Saturday, 29 July 2017

Outside the Door to the Christian Life

The title of this was a wonderful phrase, I found while reading, is attributed to a person called O. Wesley Jnr. In his writing, he went on to say that it could be hard to be a Christian in the first century. Remember, back then most Christians were Jews: if you were a Jew who was a Christian, other Jews who didn’t believe in Jesus said you sold out the faith and the traditions of Israel because you claim Jesus is the Messiah and allow Gentiles in your community.

Or if you were a Gentile who was a Christian and other Romans saw you hanging around with Jews and talking about a Messiah, they said you joined a cult. They expected you at any minute to be hanging out at the airport with a tambourine, selling carnations, asking people if they’re saved, and handing out pamphlets that explain five steps to get to heaven.
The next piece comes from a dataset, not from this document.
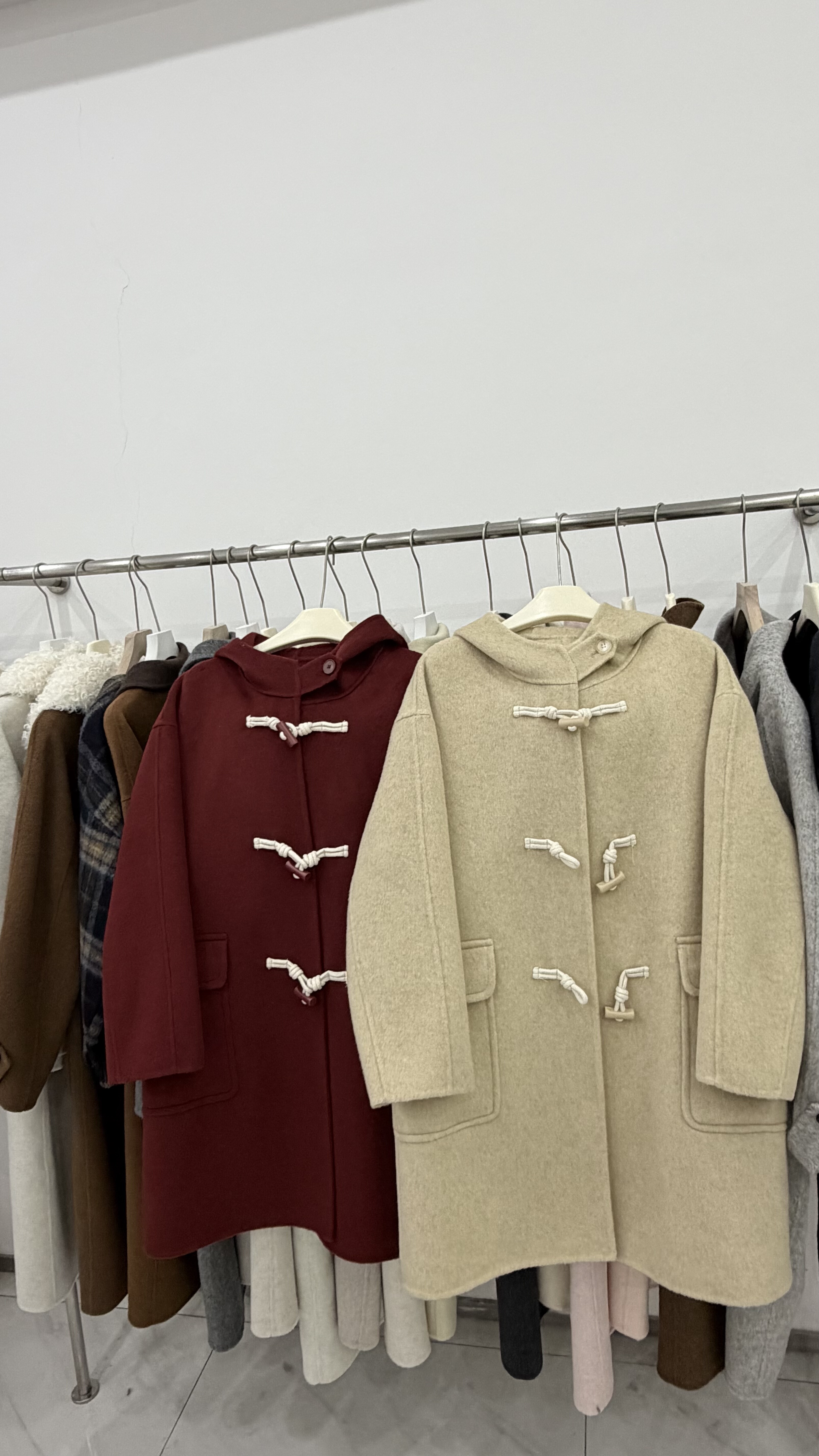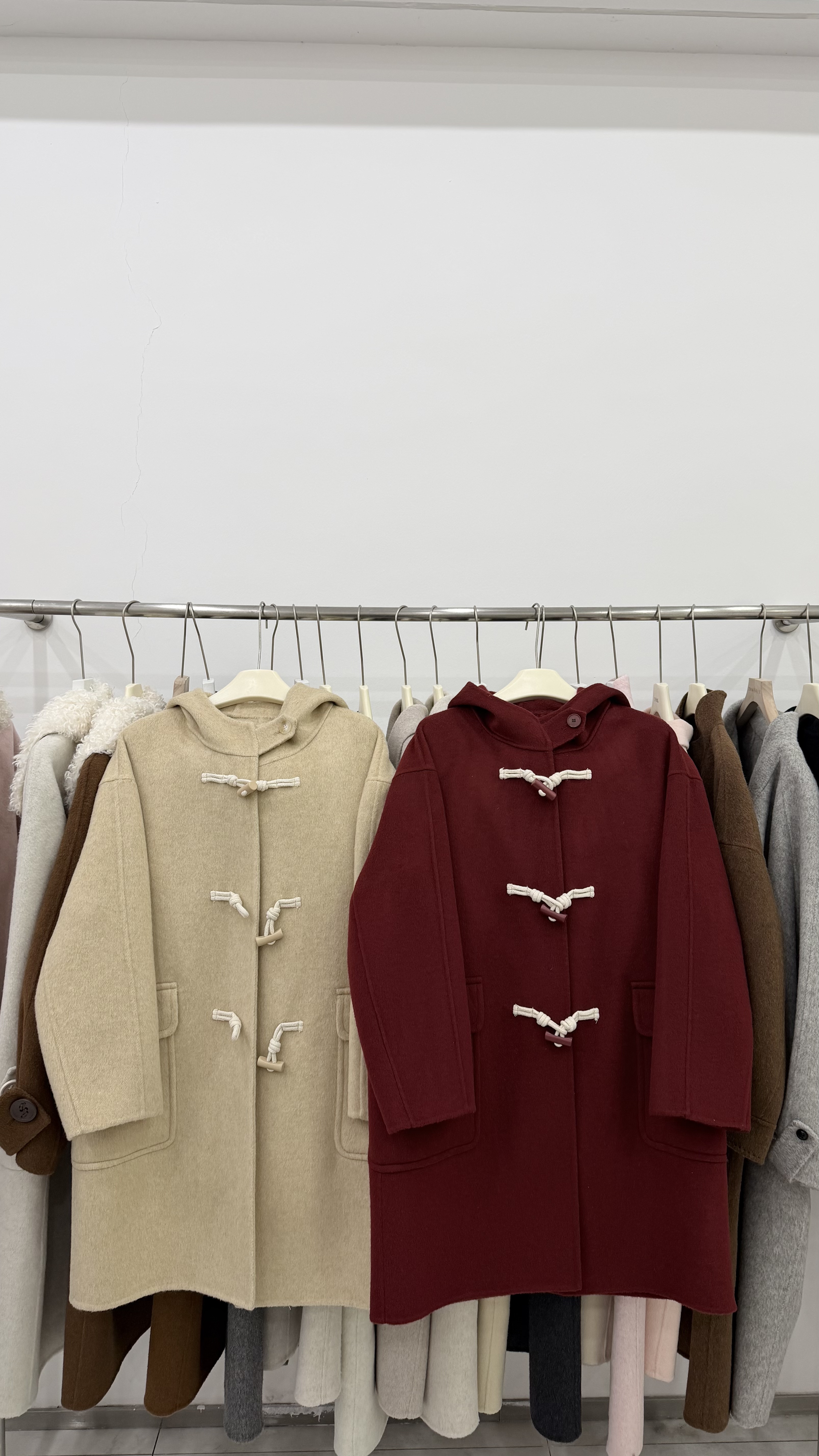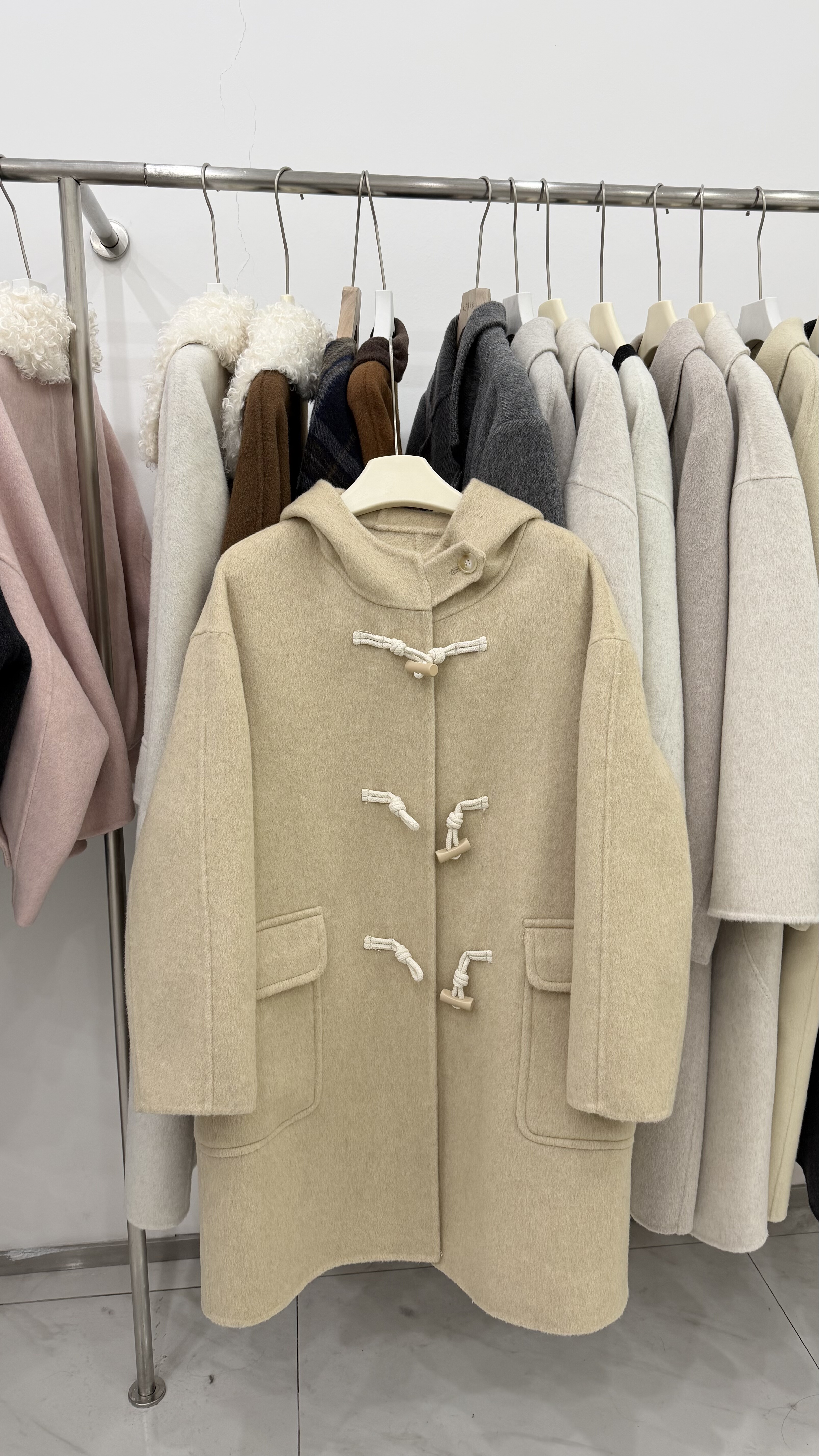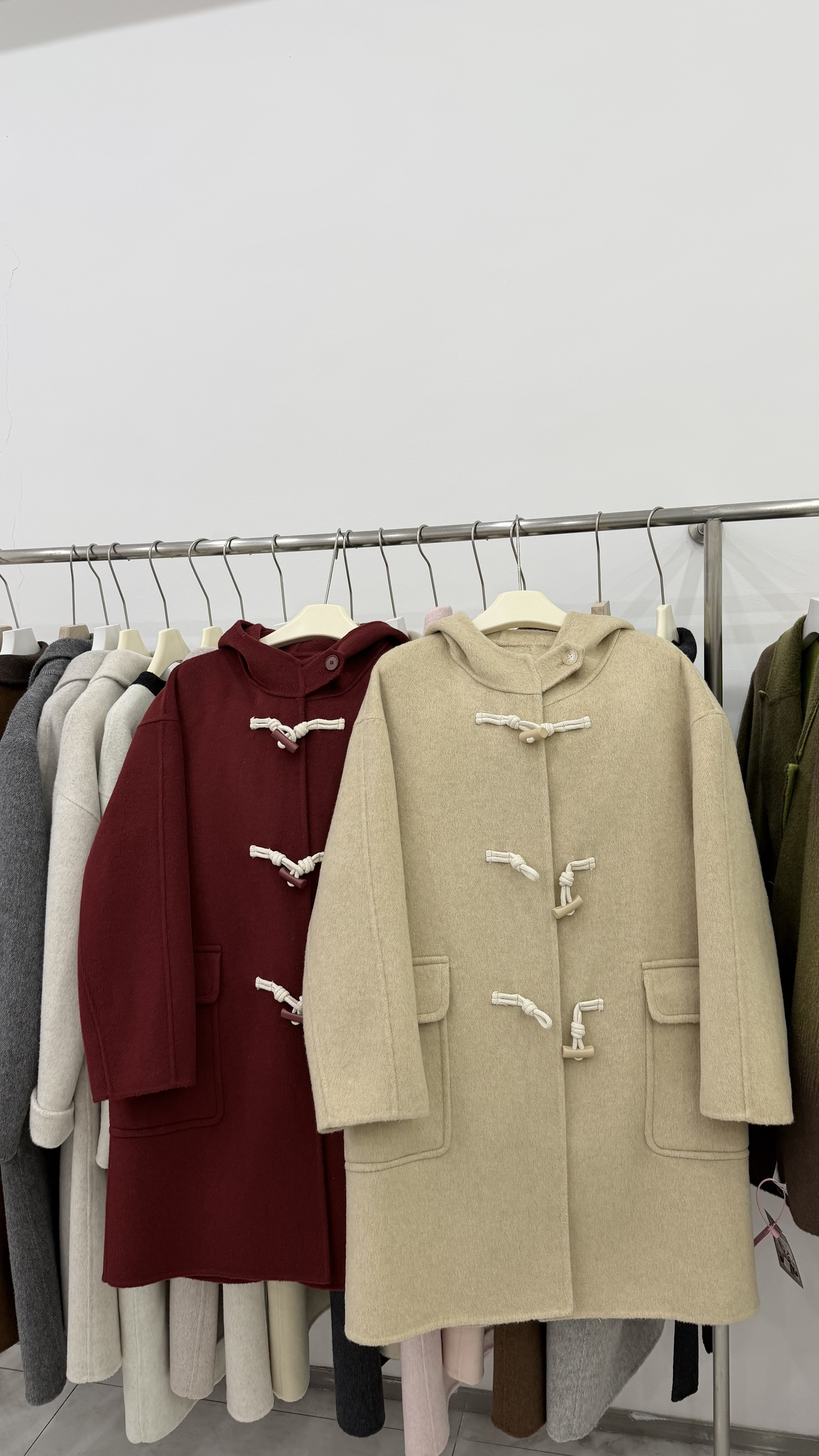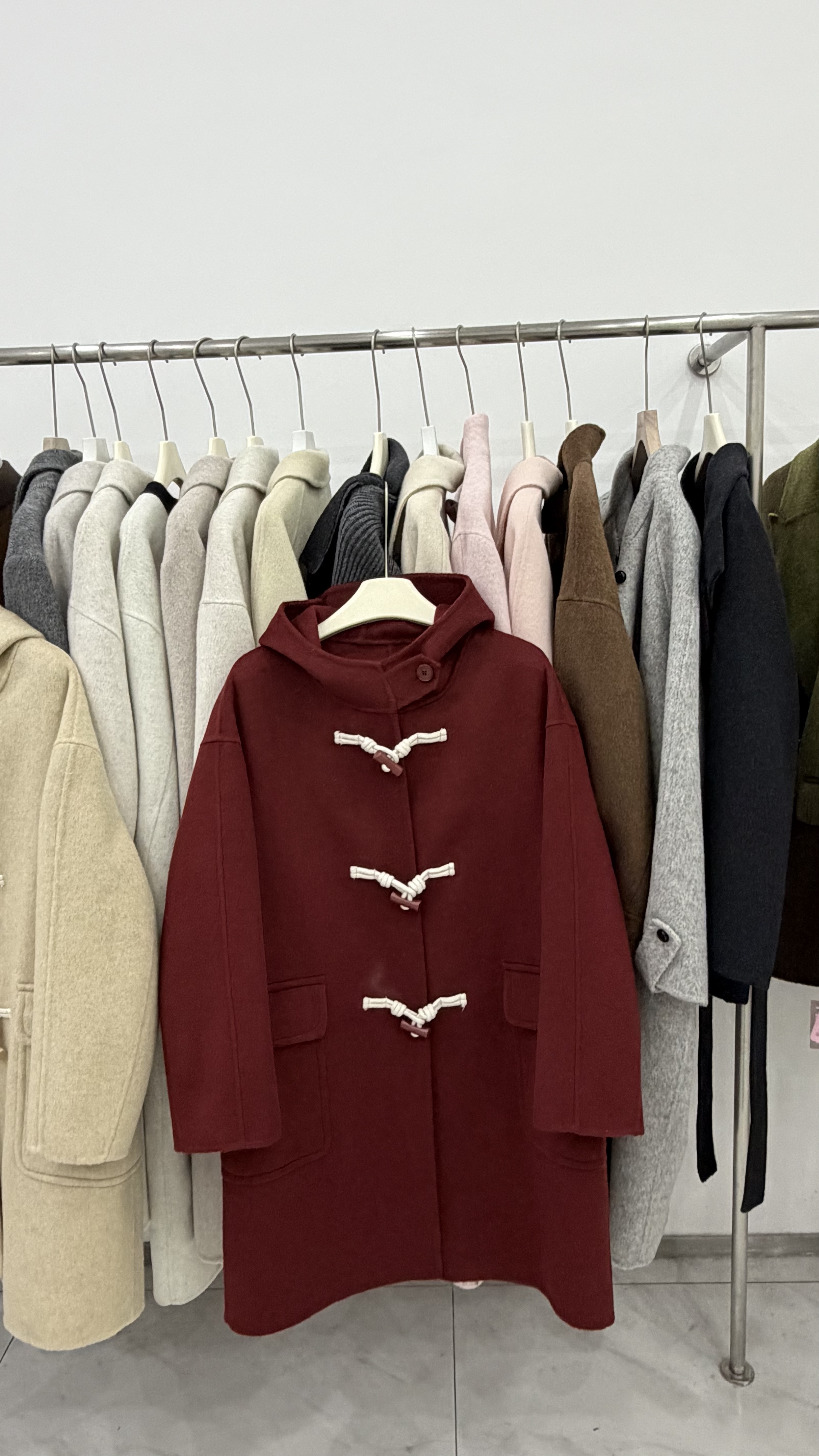 📚 2026秋冬新款牛角扣双面羊毛大衣女中长款连帽宽松显瘦羊毛外套

There was risk and cost to being a Christian back in the first century. You could lose family, friends, livelihood. In some rare circumstances, you might even lose your life.

Maybe you had joined the church thinking God would suddenly make everything go your way. Or maybe you thought Jesus would return on the clouds at any moment so it was okay if things were tough for a short period because you would be in paradise just over the next hill. But things weren’t okay, and Jesus didn’t return. So, the early followers of Jesus asked: Is it really worth it? All the sacrifices? All the danger? All the risks? All the changes? You’ve sold the entirety of your old life to buy into this new life. But is this new life worth it?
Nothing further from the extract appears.